TASK DETAILS: Your output should reproduce each entry exactly, with none of its pictures.

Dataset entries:
....
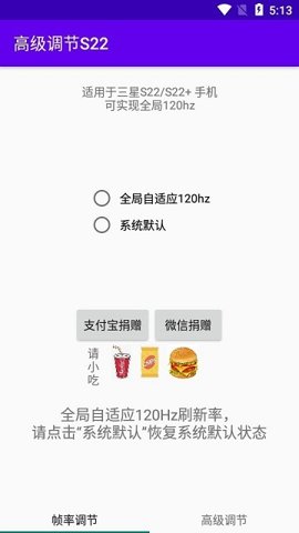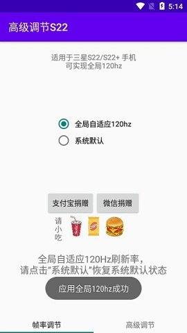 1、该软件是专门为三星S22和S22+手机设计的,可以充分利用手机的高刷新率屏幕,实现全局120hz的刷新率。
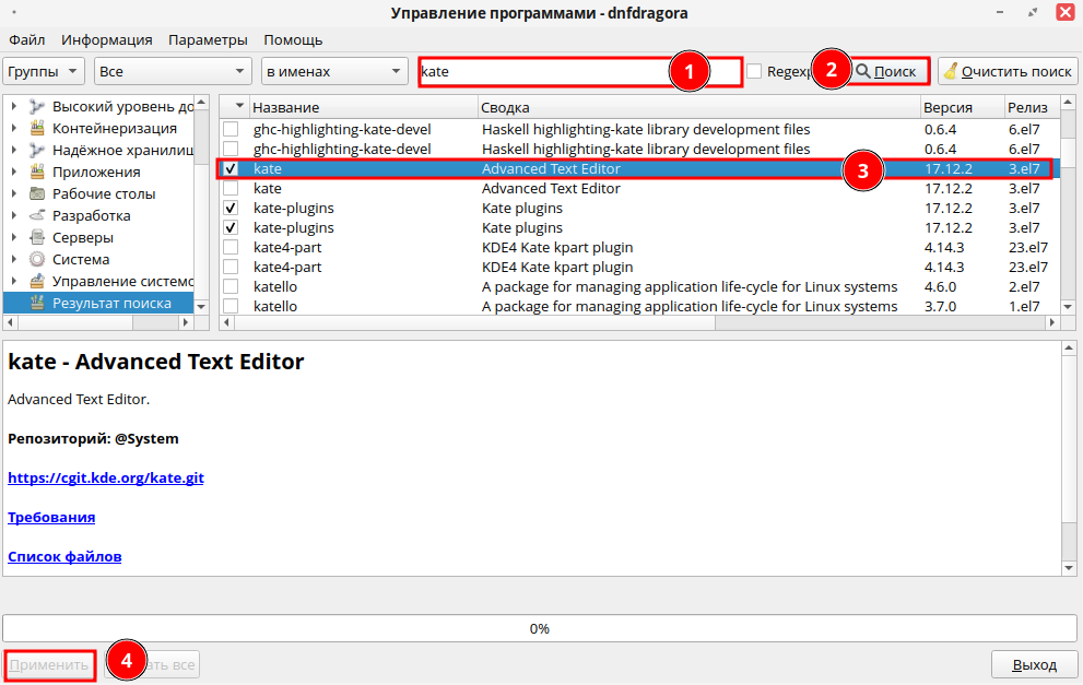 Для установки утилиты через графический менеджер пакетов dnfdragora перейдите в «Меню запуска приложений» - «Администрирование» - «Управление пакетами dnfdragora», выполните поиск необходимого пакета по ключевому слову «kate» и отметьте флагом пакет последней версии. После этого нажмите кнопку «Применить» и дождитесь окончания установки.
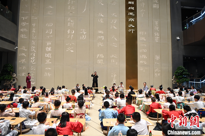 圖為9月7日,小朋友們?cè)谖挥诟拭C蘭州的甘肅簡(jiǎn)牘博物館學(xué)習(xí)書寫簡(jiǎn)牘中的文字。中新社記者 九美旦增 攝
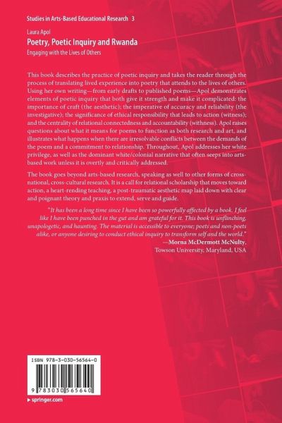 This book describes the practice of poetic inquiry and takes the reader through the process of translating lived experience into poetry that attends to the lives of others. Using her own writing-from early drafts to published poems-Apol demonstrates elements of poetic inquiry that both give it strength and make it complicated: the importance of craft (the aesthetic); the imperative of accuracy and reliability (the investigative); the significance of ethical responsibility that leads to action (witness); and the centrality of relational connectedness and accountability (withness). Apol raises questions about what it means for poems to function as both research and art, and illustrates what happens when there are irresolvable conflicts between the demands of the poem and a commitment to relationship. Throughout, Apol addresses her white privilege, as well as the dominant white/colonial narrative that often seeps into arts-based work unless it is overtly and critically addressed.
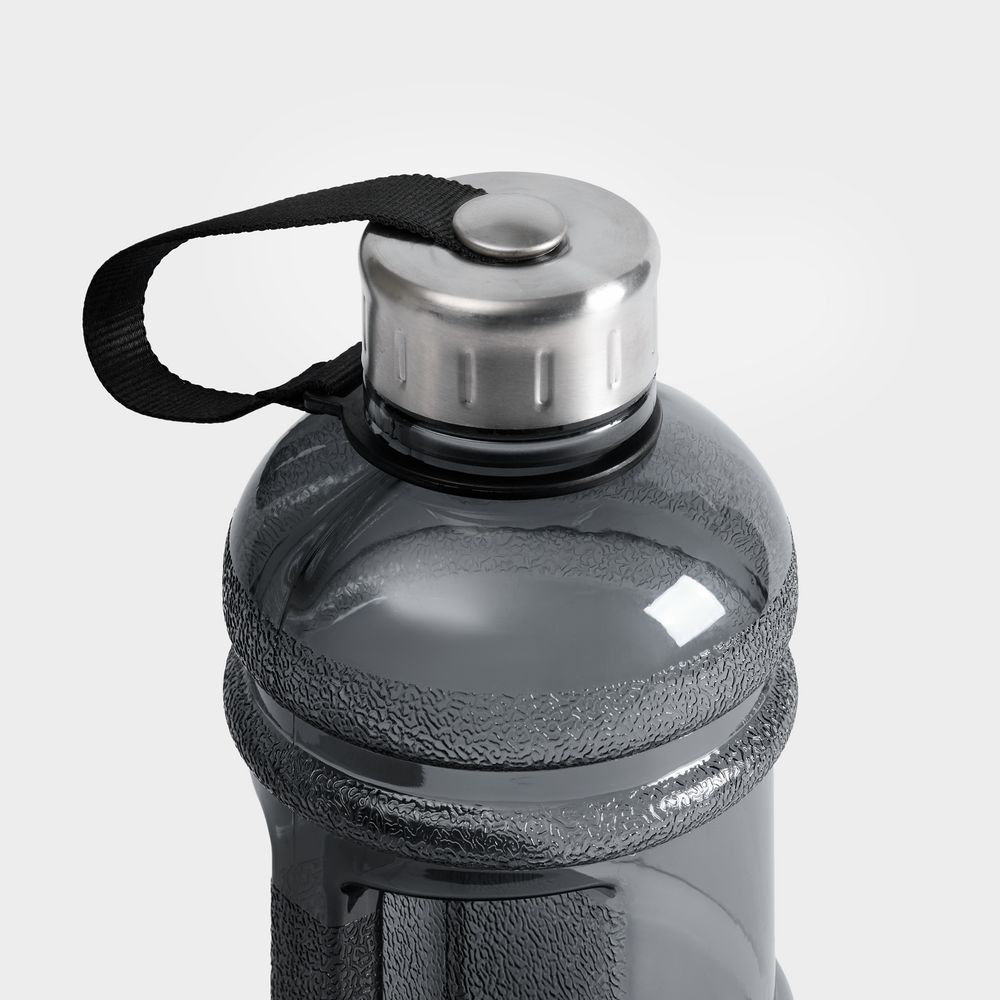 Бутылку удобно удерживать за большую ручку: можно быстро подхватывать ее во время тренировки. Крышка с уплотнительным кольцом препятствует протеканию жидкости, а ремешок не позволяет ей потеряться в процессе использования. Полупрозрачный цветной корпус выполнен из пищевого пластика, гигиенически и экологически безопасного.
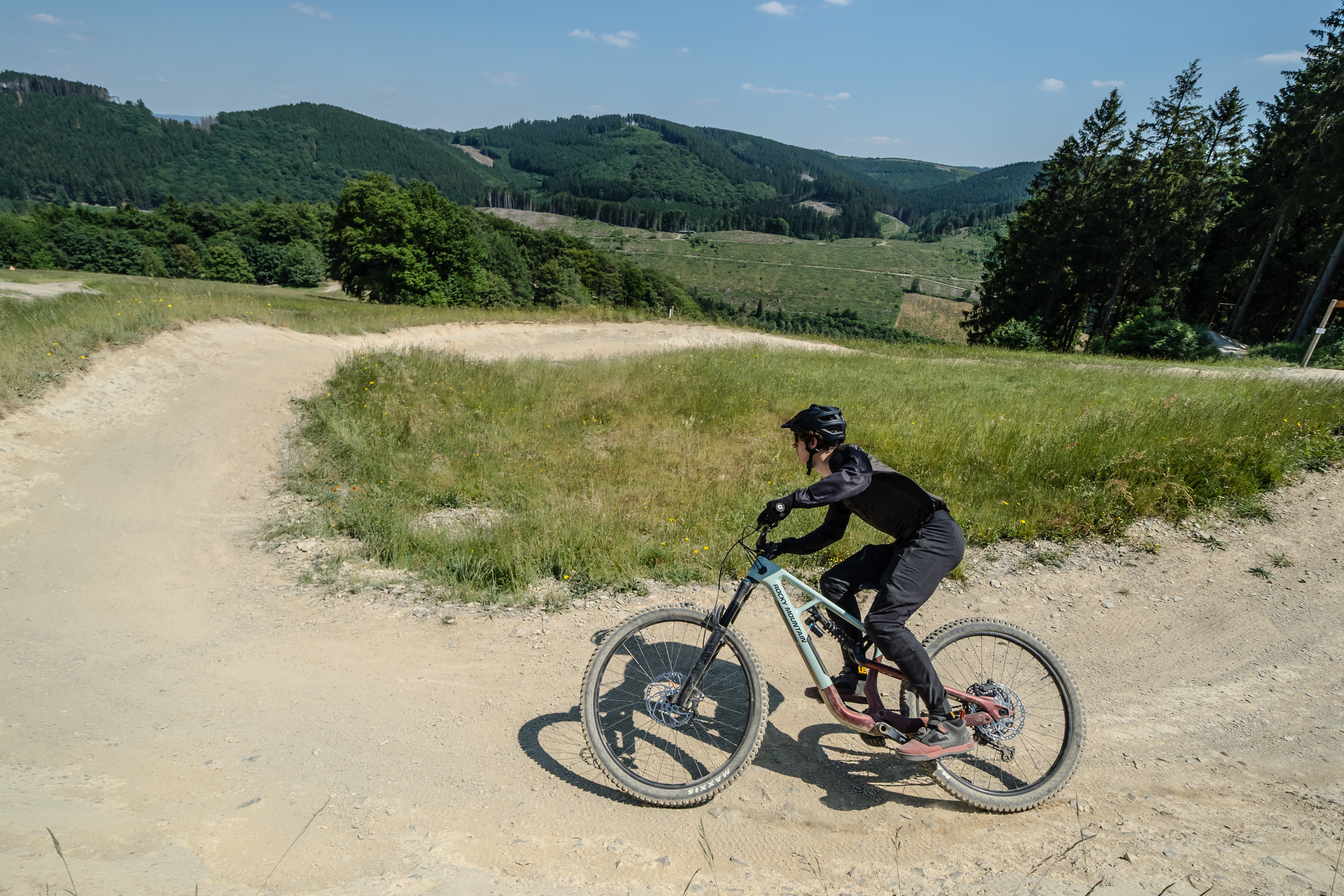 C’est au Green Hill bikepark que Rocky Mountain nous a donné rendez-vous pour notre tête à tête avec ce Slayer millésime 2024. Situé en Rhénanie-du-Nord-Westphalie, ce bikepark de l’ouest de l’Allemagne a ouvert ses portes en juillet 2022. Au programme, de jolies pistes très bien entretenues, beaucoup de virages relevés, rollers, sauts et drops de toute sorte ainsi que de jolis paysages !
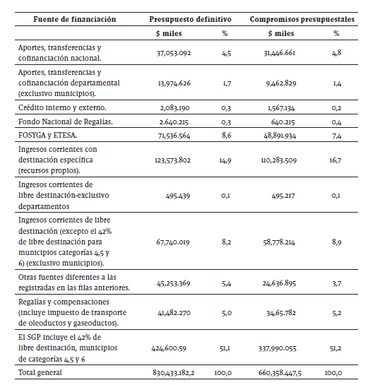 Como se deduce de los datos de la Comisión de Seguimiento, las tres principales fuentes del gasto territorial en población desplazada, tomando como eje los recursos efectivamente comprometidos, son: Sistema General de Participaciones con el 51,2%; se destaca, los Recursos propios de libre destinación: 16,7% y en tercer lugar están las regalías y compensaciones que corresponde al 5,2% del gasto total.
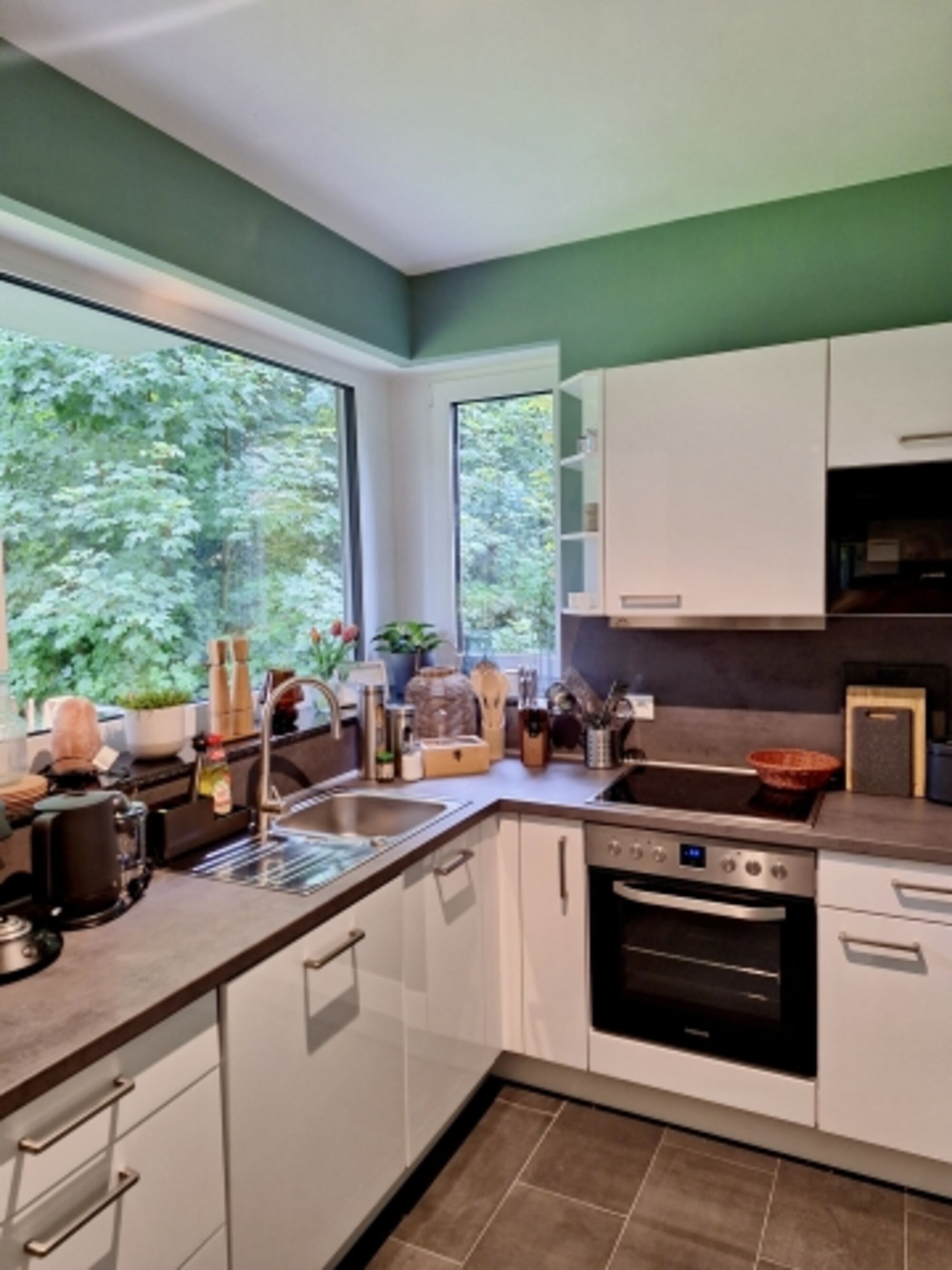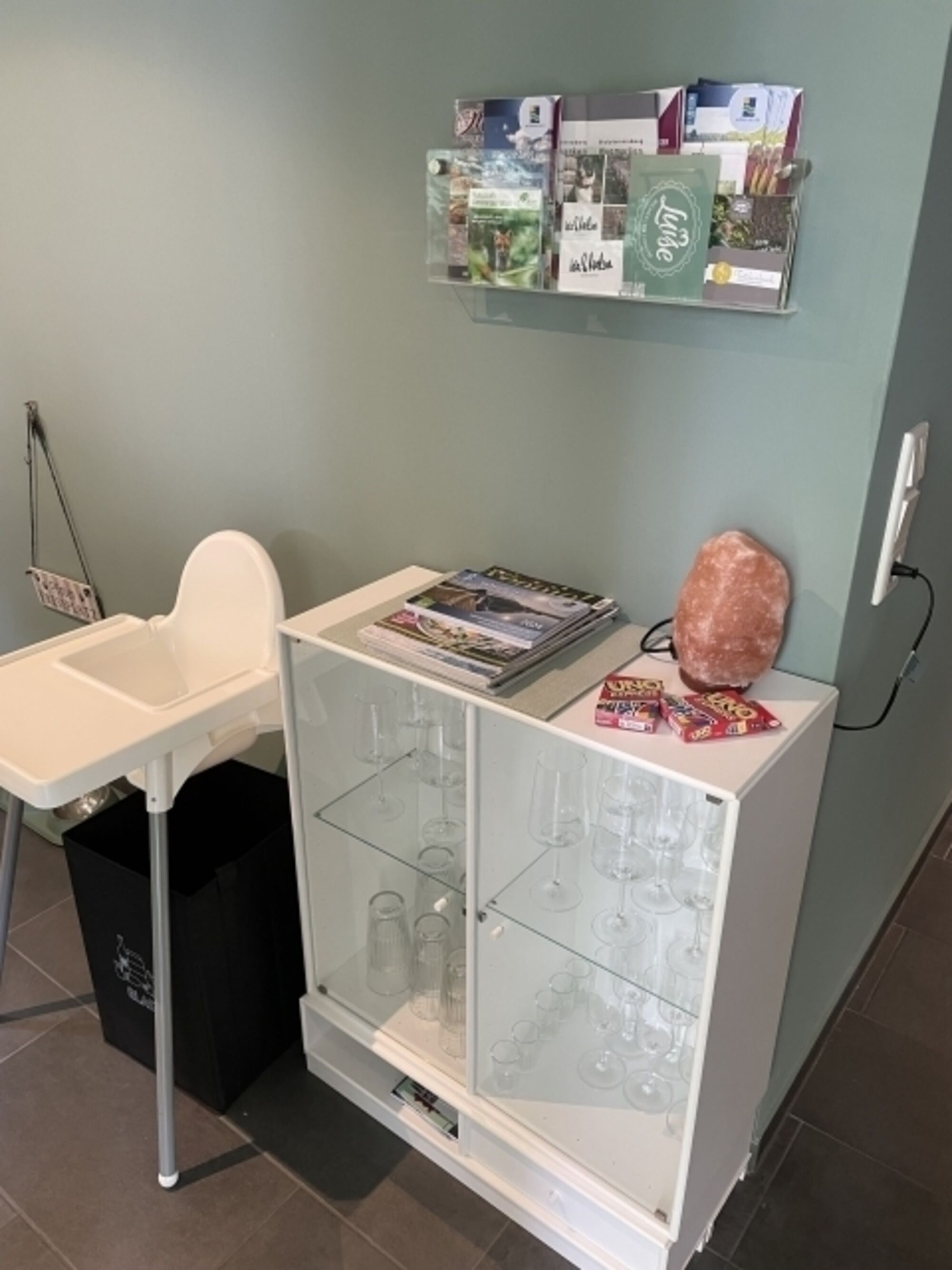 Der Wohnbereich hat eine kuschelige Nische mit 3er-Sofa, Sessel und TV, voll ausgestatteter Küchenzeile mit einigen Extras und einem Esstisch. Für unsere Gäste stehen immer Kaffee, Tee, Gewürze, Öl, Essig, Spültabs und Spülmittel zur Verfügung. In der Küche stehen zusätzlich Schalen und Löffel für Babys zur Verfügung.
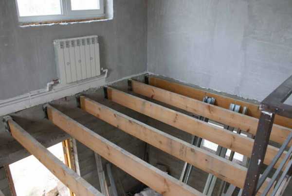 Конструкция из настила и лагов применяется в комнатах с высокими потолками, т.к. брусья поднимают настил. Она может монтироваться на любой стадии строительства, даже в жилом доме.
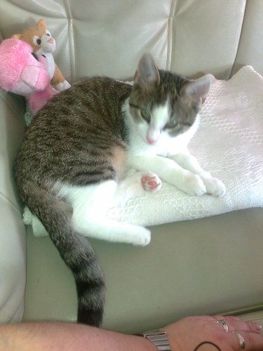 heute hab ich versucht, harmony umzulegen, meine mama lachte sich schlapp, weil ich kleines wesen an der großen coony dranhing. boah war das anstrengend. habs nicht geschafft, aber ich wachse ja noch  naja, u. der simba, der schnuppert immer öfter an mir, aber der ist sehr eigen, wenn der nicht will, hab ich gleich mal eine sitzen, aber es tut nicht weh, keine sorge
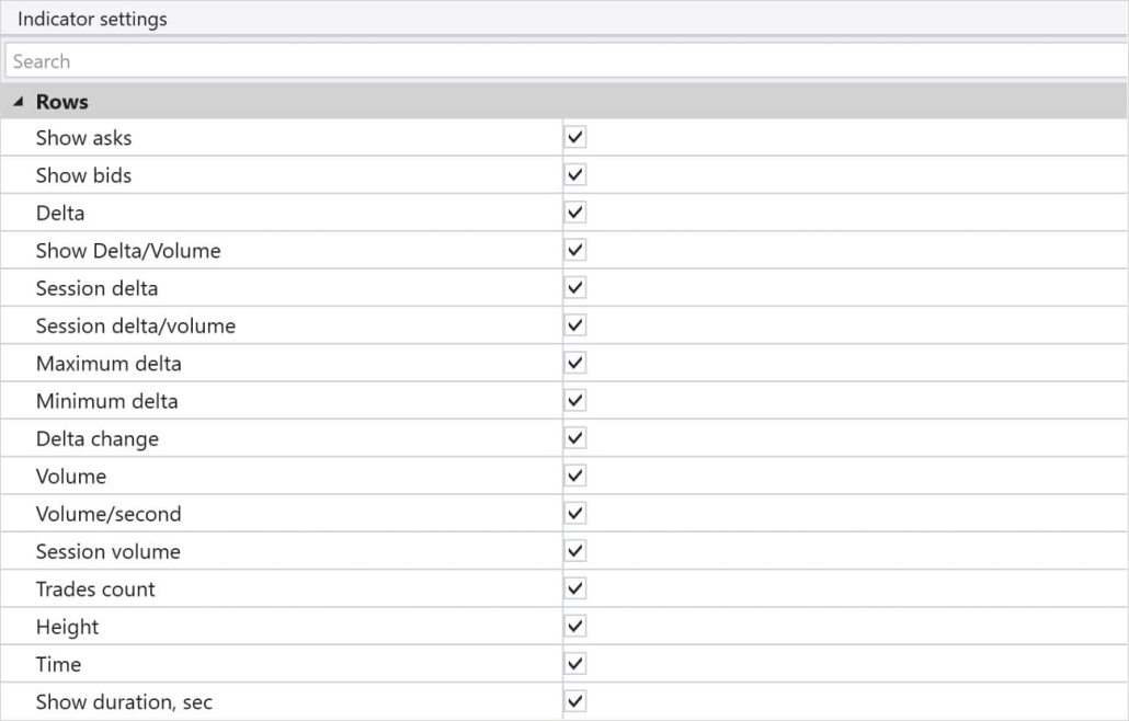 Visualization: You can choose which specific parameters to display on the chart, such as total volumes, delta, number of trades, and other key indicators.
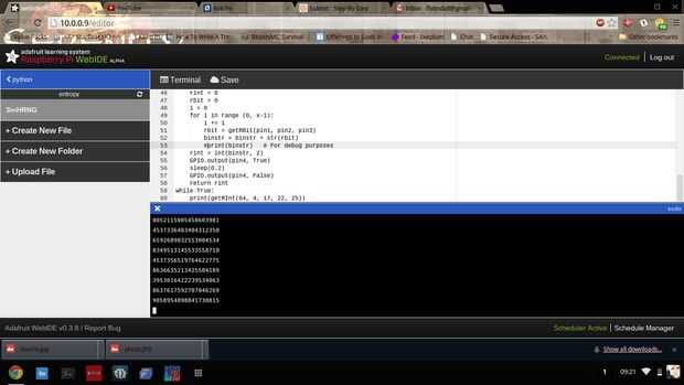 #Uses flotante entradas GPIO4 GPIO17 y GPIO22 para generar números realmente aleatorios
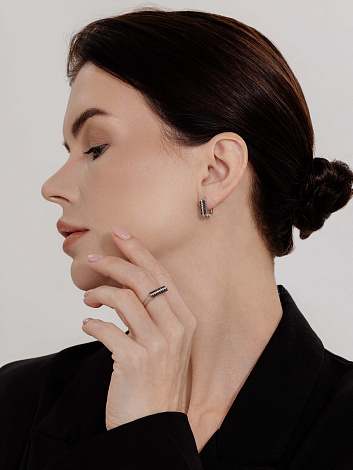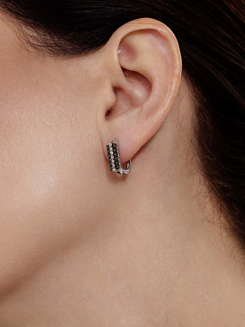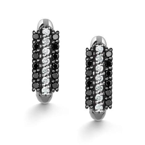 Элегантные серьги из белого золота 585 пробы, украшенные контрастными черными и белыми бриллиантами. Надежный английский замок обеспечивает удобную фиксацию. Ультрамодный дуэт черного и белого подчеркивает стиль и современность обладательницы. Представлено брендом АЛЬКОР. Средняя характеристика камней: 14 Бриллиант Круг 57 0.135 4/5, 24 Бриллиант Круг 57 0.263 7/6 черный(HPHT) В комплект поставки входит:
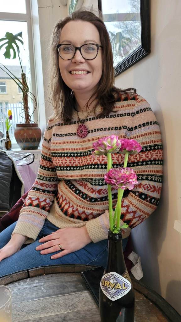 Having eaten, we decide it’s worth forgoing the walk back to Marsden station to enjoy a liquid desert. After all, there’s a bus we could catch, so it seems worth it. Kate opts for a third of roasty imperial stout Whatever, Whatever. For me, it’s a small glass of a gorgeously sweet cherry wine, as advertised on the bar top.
....
EXERCISE OUTPUT:
 1、该软件是专门为三星S22和S22+手机设计的,可以充分利用手机的高刷新率屏幕,实现全局120hz的刷新率。
 Для установки утилиты через графический менеджер пакетов dnfdragora перейдите в «Меню запуска приложений» - «Администрирование» - «Управление пакетами dnfdragora», выполните поиск необходимого пакета по ключевому слову «kate» и отметьте флагом пакет последней версии. После этого нажмите кнопку «Применить» и дождитесь окончания установки.
 圖為9月7日,小朋友們?cè)谖挥诟拭C蘭州的甘肅簡(jiǎn)牘博物館學(xué)習(xí)書寫簡(jiǎn)牘中的文字。中新社記者 九美旦增 攝
 This book describes the practice of poetic inquiry and takes the reader through the process of translating lived experience into poetry that attends to the lives of others. Using her own writing-from early drafts to published poems-Apol demonstrates elements of poetic inquiry that both give it strength and make it complicated: the importance of craft (the aesthetic); the imperative of accuracy and reliability (the investigative); the significance of ethical responsibility that leads to action (witness); and the centrality of relational connectedness and accountability (withness). Apol raises questions about what it means for poems to function as both research and art, and illustrates what happens when there are irresolvable conflicts between the demands of the poem and a commitment to relationship. Throughout, Apol addresses her white privilege, as well as the dominant white/colonial narrative that often seeps into arts-based work unless it is overtly and critically addressed.
 Бутылку удобно удерживать за большую ручку: можно быстро подхватывать ее во время тренировки. Крышка с уплотнительным кольцом препятствует протеканию жидкости, а ремешок не позволяет ей потеряться в процессе использования. Полупрозрачный цветной корпус выполнен из пищевого пластика, гигиенически и экологически безопасного.
 C’est au Green Hill bikepark que Rocky Mountain nous a donné rendez-vous pour notre tête à tête avec ce Slayer millésime 2024. Situé en Rhénanie-du-Nord-Westphalie, ce bikepark de l’ouest de l’Allemagne a ouvert ses portes en juillet 2022. Au programme, de jolies pistes très bien entretenues, beaucoup de virages relevés, rollers, sauts et drops de toute sorte ainsi que de jolis paysages !
 Como se deduce de los datos de la Comisión de Seguimiento, las tres principales fuentes del gasto territorial en población desplazada, tomando como eje los recursos efectivamente comprometidos, son: Sistema General de Participaciones con el 51,2%; se destaca, los Recursos propios de libre destinación: 16,7% y en tercer lugar están las regalías y compensaciones que corresponde al 5,2% del gasto total.
 Der Wohnbereich hat eine kuschelige Nische mit 3er-Sofa, Sessel und TV, voll ausgestatteter Küchenzeile mit einigen Extras und einem Esstisch. Für unsere Gäste stehen immer Kaffee, Tee, Gewürze, Öl, Essig, Spültabs und Spülmittel zur Verfügung. In der Küche stehen zusätzlich Schalen und Löffel für Babys zur Verfügung.
 Конструкция из настила и лагов применяется в комнатах с высокими потолками, т.к. брусья поднимают настил. Она может монтироваться на любой стадии строительства, даже в жилом доме.
 heute hab ich versucht, harmony umzulegen, meine mama lachte sich schlapp, weil ich kleines wesen an der großen coony dranhing. boah war das anstrengend. habs nicht geschafft, aber ich wachse ja noch  naja, u. der simba, der schnuppert immer öfter an mir, aber der ist sehr eigen, wenn der nicht will, hab ich gleich mal eine sitzen, aber es tut nicht weh, keine sorge
 Visualization: You can choose which specific parameters to display on the chart, such as total volumes, delta, number of trades, and other key indicators.
 #Uses flotante entradas GPIO4 GPIO17 y GPIO22 para generar números realmente aleatorios
 Элегантные серьги из белого золота 585 пробы, украшенные контрастными черными и белыми бриллиантами. Надежный английский замок обеспечивает удобную фиксацию. Ультрамодный дуэт черного и белого подчеркивает стиль и современность обладательницы. Представлено брендом АЛЬКОР. Средняя характеристика камней: 14 Бриллиант Круг 57 0.135 4/5, 24 Бриллиант Круг 57 0.263 7/6 черный(HPHT) В комплект поставки входит:
 Having eaten, we decide it’s worth forgoing the walk back to Marsden station to enjoy a liquid desert. After all, there’s a bus we could catch, so it seems worth it. Kate opts for a third of roasty imperial stout Whatever, Whatever. For me, it’s a small glass of a gorgeously sweet cherry wine, as advertised on the bar top.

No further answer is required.